Не вопрос — утверждение.
— Привыкла, — сказала я.
— К чему?
— К работе.
Он покачал головой. Не поверил. Но не стал спрашивать дальше, потому что Фернан был из тех людей, которые замечают странное и складывают его в карман, не разглядывая, — на потом, когда придёт время, — а время, как выяснилось, приходит всегда, только не тогда, когда его ждёшь.
Месье Леру заметил вторым. Подошёл к моему столу, встал за спиной, и я чувствовала его дыхание — табачное, с примесью мятного леденца, — и стучала, не оборачиваясь, тридцать слов в минуту, ровно, и бумажная лента ползла из аппарата, и точки-тире ложились на ней чёрными горошинами и чёрточками, и месье Леру стоял и молчал, и молчание его было не удивлённым, а оценивающим, как молчание сержанта, который нашёл хорошего стрелка.
— Мадемуазель Дюваль, — сказал он. — С завтрашнего дня — линия Париж-Кале. Семьдесят пять франков. Без испытательного.
Париж-Кале. Главная линия. Та, по которой шли телеграммы в Лондон через подводный кабель, проложенный в шестьдесят первом. Слово из Парижа в Кале за минуту. Из Кале в Лондон — ещё за три. Через Ла-Манш, через воду, через дно, где рыбы и водоросли, и провод лежит среди них, обмотанный гуттаперчей, и ток бежит по нему, и рыбы не слышат, и водоросли не мешают, и слово из моего пальца в Париже через четыре минуты становится словом в Лондоне, и кто-то там, на Стрэнде или на Флит-стрит, читает его и не знает, что четыре минуты назад оно было моим пальцем на латунном ключе.

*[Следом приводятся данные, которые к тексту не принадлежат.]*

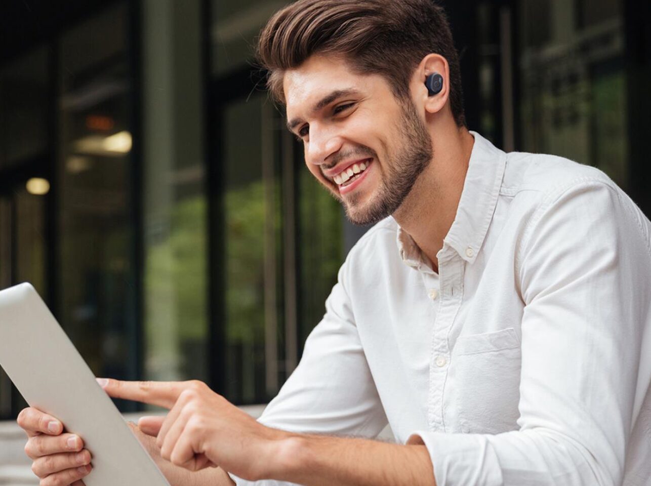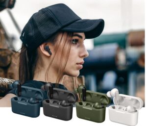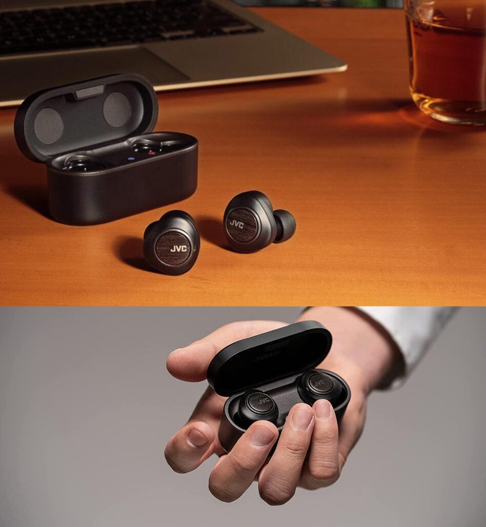 JVC tuotteita omalla painatuksella ja logolla-Belentia Liikelahjatalo. True Wireless Bluetooth vastamelukuulokkeet, Wood Dome True Wireless Bluetooth.

Четыре минуты — и Париж в Лондоне.
Крик на баррикаде долетал до конца улицы — тридцать метров.
Тридцать метров — и мёртв.
Четыре минуты — и Лондон.
Арифметика — простая, жестокая, бесспорная. Та арифметика, которая потом убьёт не врага, не друга — меня: понимание, что крик больше не нужен, что баррикада больше не нужна, что женщина с блокнотом, стоящая посреди пуль, больше не нужна, — нужен провод, и ток, и палец на ключе, и тридцать слов в минуту.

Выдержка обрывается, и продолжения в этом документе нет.